The limitations should be stated plainly. One week is a short observation window, and we would not claim robust seasonal conclusions from it. Our 60-second polling cadence means we miss sub-minute discrepancies, which are likely numerous during peak hours and would, if captured, skew the daytime count higher and the daytime average duration lower. We track only h2h (moneyline) markets; spread and totals markets, which are generally more liquid, may behave differently. And we filtered out discrepancies with implied gaps above 3%, on the assumption that these are more likely data errors than genuine pricing disagreements — a reasonable assumption, but one that could exclude real extreme mispricings in rare cases.

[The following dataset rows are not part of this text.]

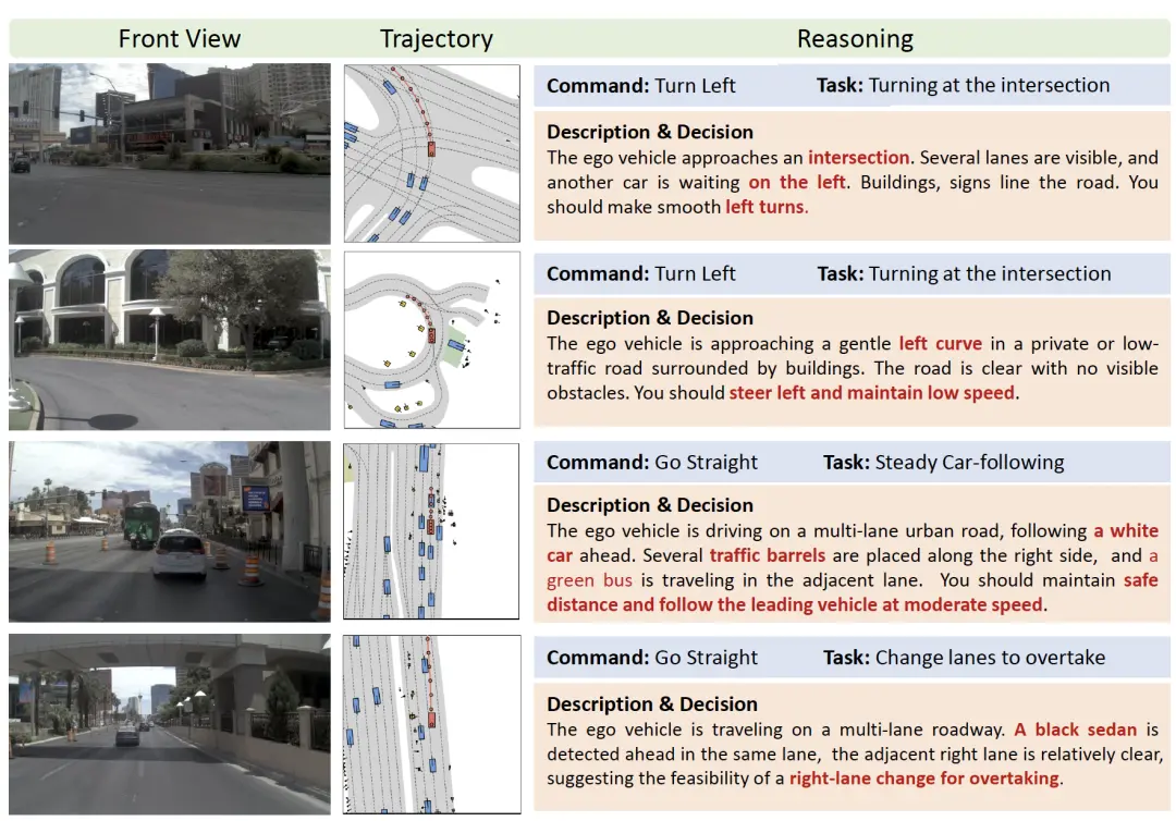 在每種情況下,模型都應感知道路上下文,整合自車狀態和導航意圖,并做出連貫的決策。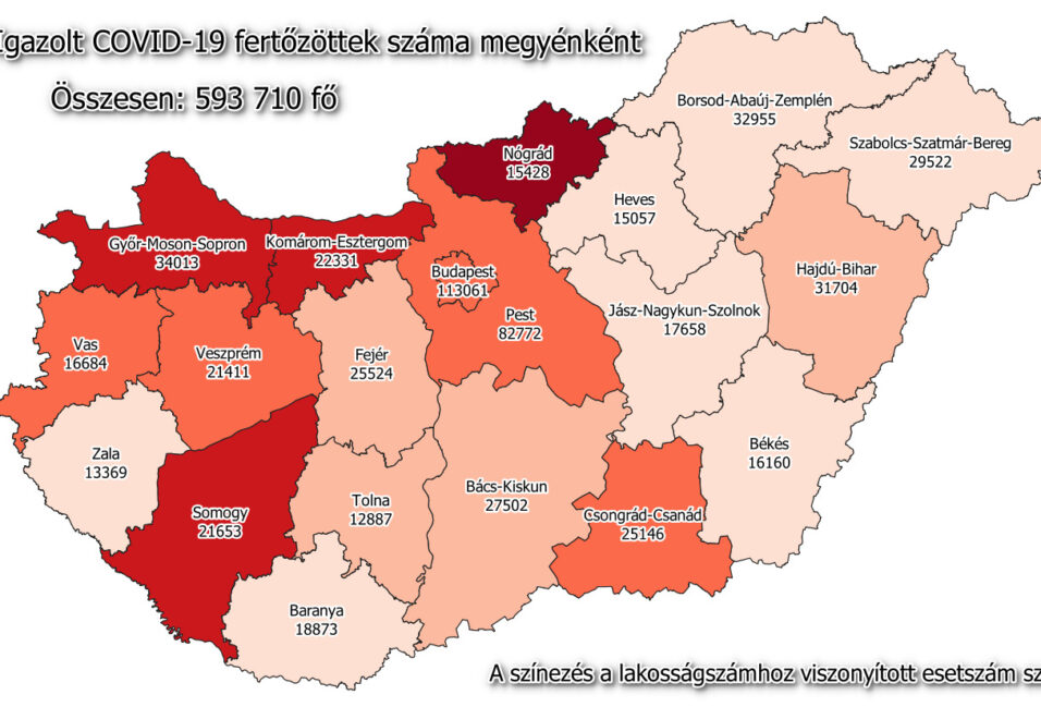A kormányzati portálon azt írták: 593 710-re nőtt a Magyarországon azonosított fertőzöttek száma. Az elhunytaké 18 952-re emelkedett, a gyógyultak száma 381 807.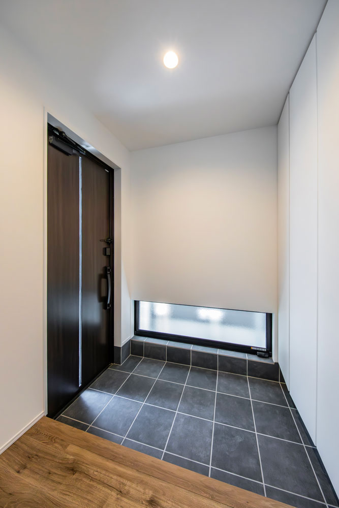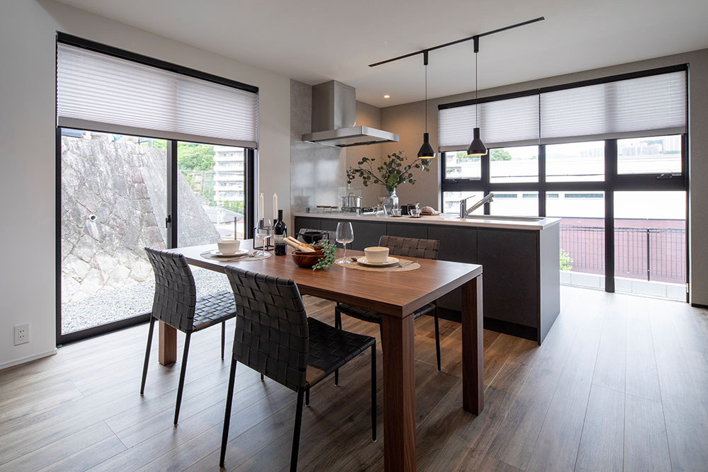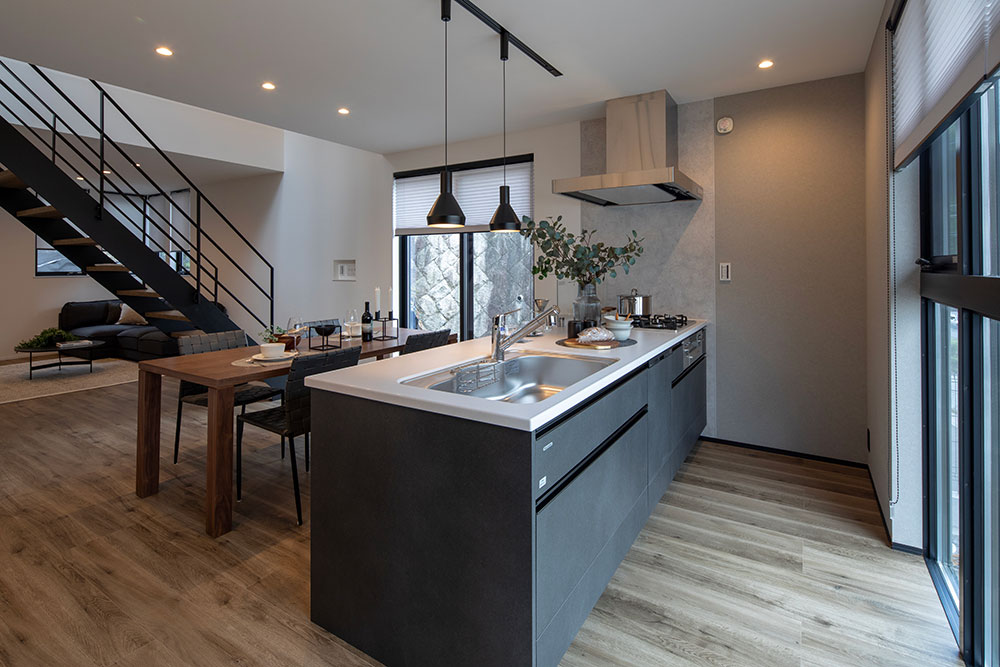 グレージュの床材と黒を基調としたインテリアがシックな場を演出する住まい。 効果的な窓配置を施し、日常に開放感をもたらしてくれます。 日常に穏やかな時が流れていく、家族だけのプライベートな空間をご用意しました。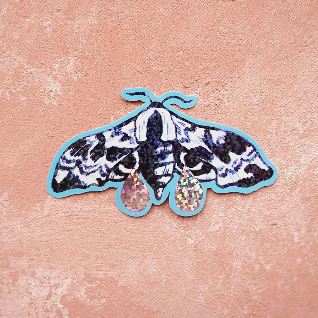 Sinisilmäkiitäjä holografisin kyynelefektein, 8,5 x 4,7 cm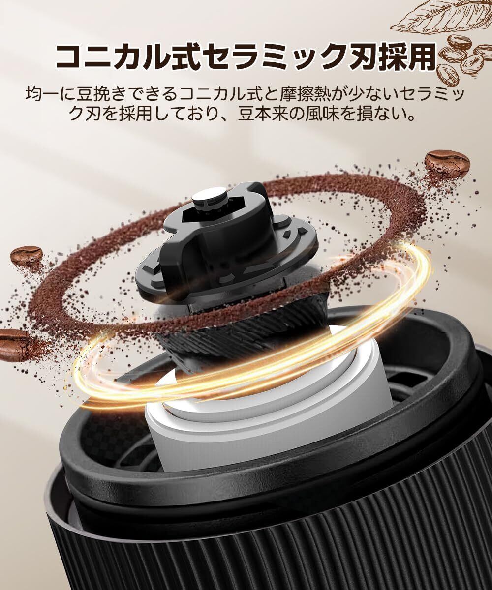 コーヒーミル 電動電動コーヒーミル コードレス 臼式 コニカル式 セラミック刃 コーヒーグラインダー Type C充電式 粗挽き 細挽き 粒度調整 自動停止 水洗い可能 小型 コンパクト 操作簡単 お手入れ簡単 掃除ブラシ付 日本語取扱説明書 ブラック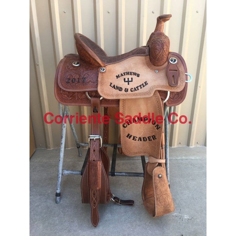 This saddle is built on a wooden rawhide covered tree and comes with a latigo, back flank, stirrups, back billits and offstrap. To order give us a call or email us and we will get started on one for you. We take Visa, Mastercard and Discover. We offer seat sizes 14″ inch, 14.5″ inch, 15″ inch, 15.5″ inch, 16″ inch, 16.5 inch, 17″ inch, and 18″ inch in this saddle. On any saddle, we can add your brand, custom lettering, upgraded conchos, upgraded stirrups, etc. Trophy lettering is available for $50 as well on any saddle. Seat can be changed to a solid color suede seat of your choice.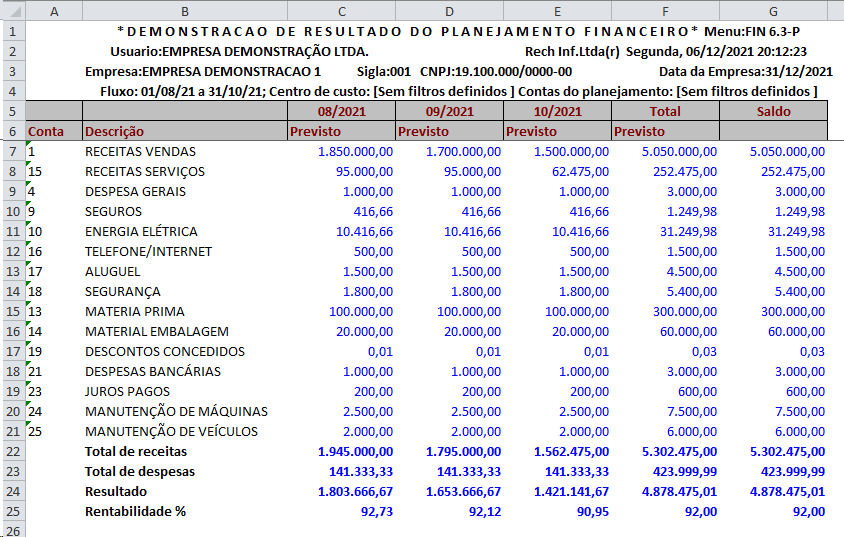 O demonstrativo é gerado no menu FIN 6.3-P (Demons.Result.Planej.Fin.).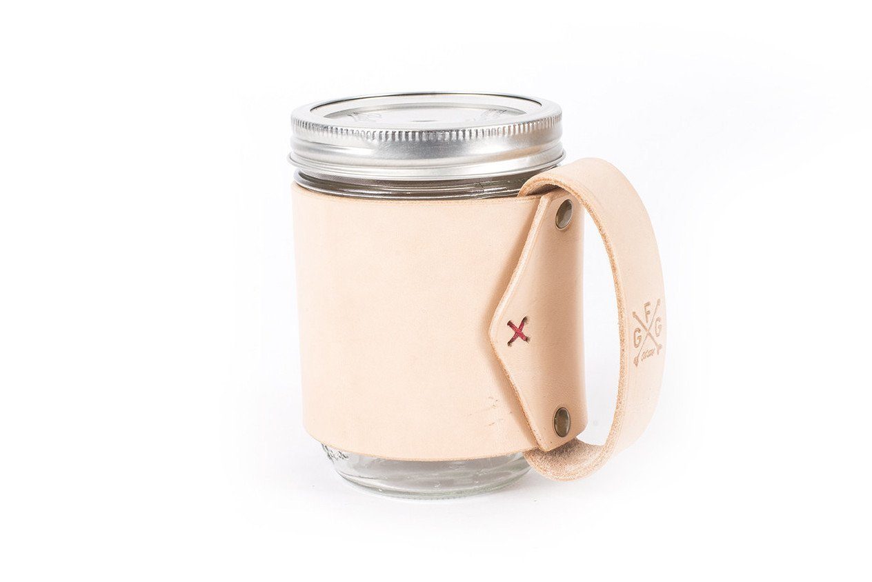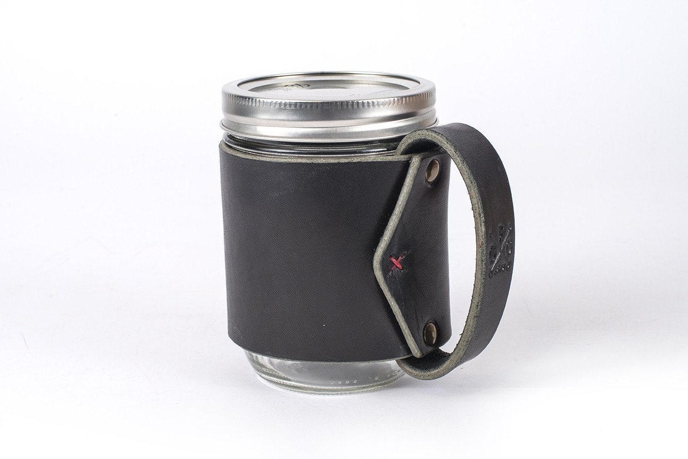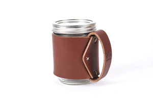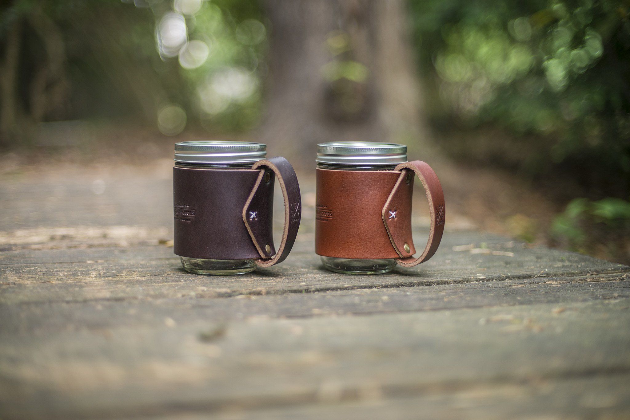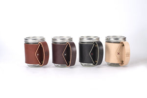 As seen in Atlanta Target stores! A 16 oz mason jar hugged in 9-10 oz veg tan Leather. Handle is made with the same 9-10 oz leather and attached with solid brass rivets so it's nice and sturdy. Great for that cup of joe, sweet tea on the go and in the evening your favorite pint of beer or bourbon.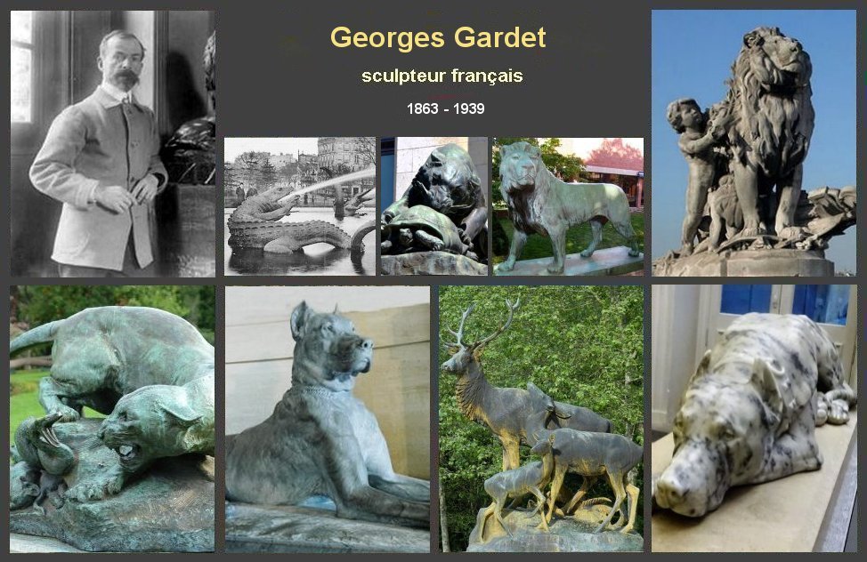 Brève biographie Georges Gardet sculpteur français est né le 11 octobre 1863 à Paris. Il est le fils du sculpteur Joseph Gardet et le frère du sculpteur Joseph-Antoine Gardet. Il suit les cours de l'École des beaux-arts de Paris dans les ateliers d'Aimé Millet et d'Emmanuel Frémiet. Il est membre de l'Académie des beaux-arts et de la Société des artistes français. Il est considéré comme l'un des plus grands artistes de l'école française des sculpteurs animaliers. Il reçoit des commandes de clients pour des "portraits" de leurs animaux familiers ou pour décorer leur jardin ou leur demeure. Georges Gardet est décédé en 1939 à Paris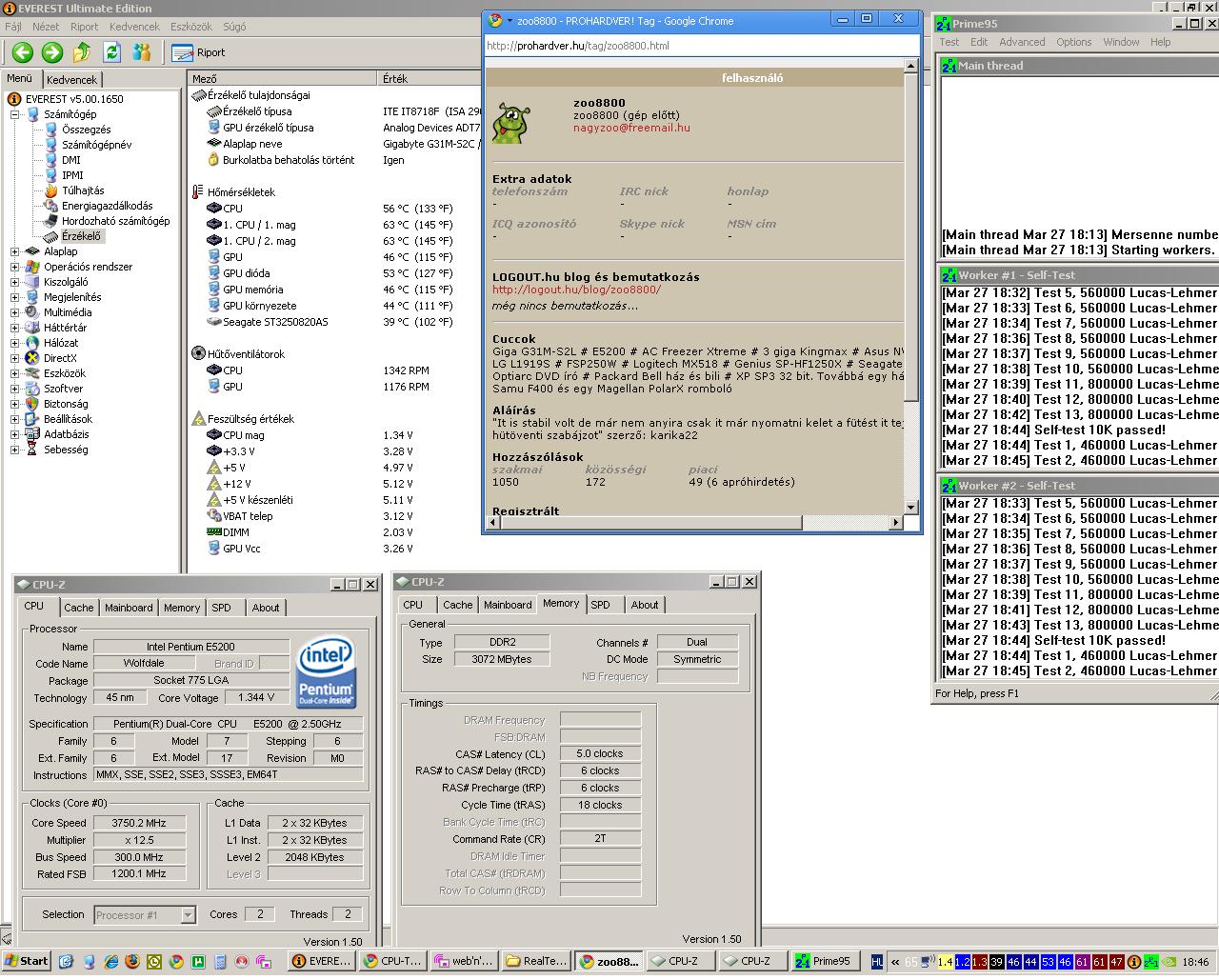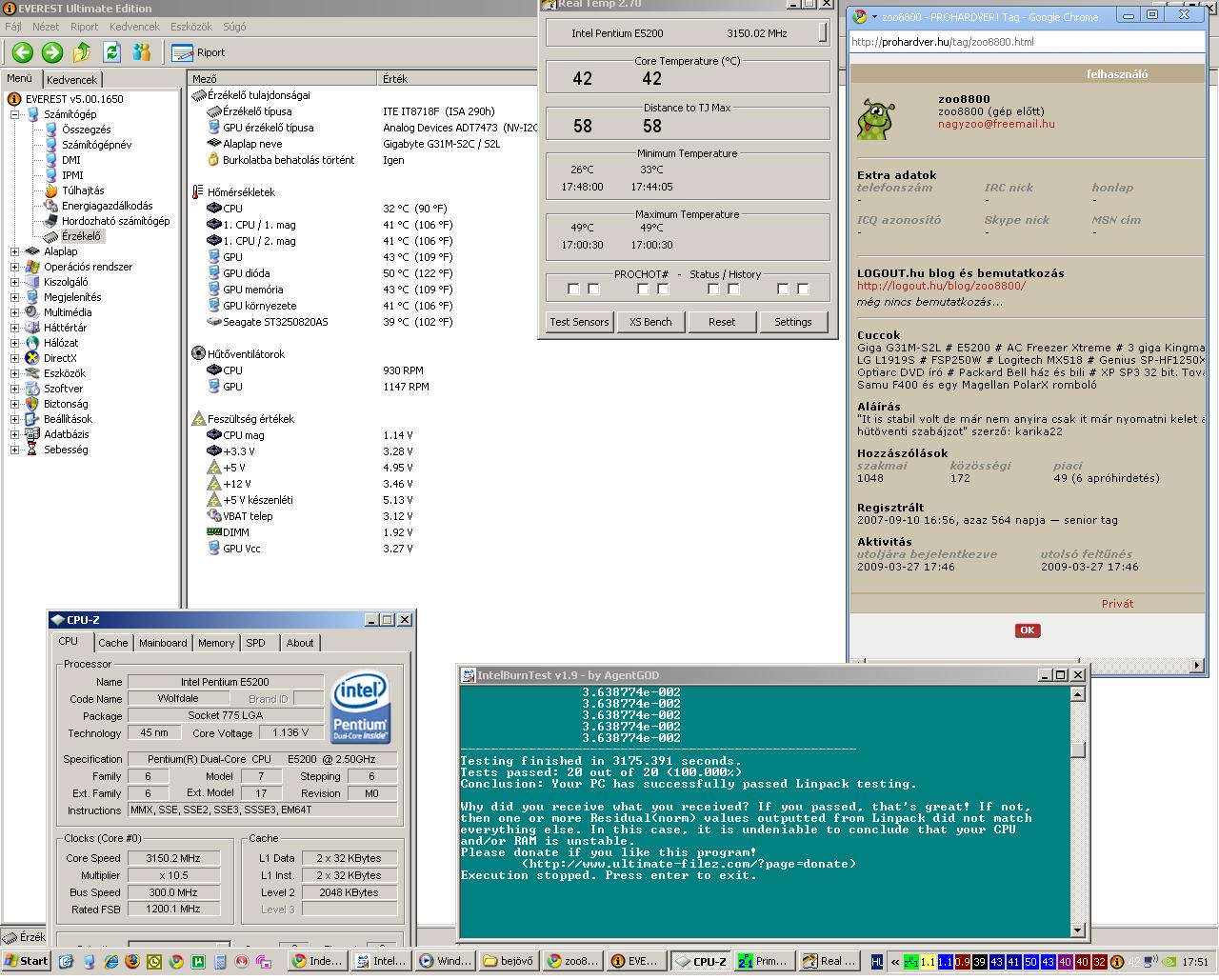 Inkább az IBT vált be. A régi Linpack progit nem ismerem.Volt még memória teszt nyüancom. Prime blend, ami ugye főleg a RAMot tépi (ha jól tudom). Prime fut, de sorban kifagynak a programok... Memtest 1 percet se bírt.

We also excluded prediction market platforms (Kalshi, Polymarket) from this analysis entirely. Cross-platform discrepancies between sportsbooks and prediction markets involve structurally different instruments with different fee models and are better analyzed separately.

What we can say with some confidence is that the overnight pattern is real and its magnitude is not trivial. The average discrepancy detected between 7 PM and midnight lasts roughly four to five times longer than one detected during the peak afternoon window. Whether that constitutes an inefficiency or merely a reflection of lower-urgency pricing during off-peak hours is a question we leave to the reader.

Methodology
BaseCase polls 40+ sportsbooks every 60 seconds for h2h moneyline odds on NBA, NHL, NCAAB, and MLB. A pricing discrepancy is flagged when the combined implied probability of opposing selections across two books sums to less than 100%, net of each book's overround. Duration is measured from first detection to last continuous detection within the polling cadence. Gaps above 3% are excluded as likely data errors. Prediction market platforms (Kalshi, Polymarket) are excluded. All times Pacific. Observation period: March 24 – March 31, 2026. N = 6,439 discrepancies across 161 events.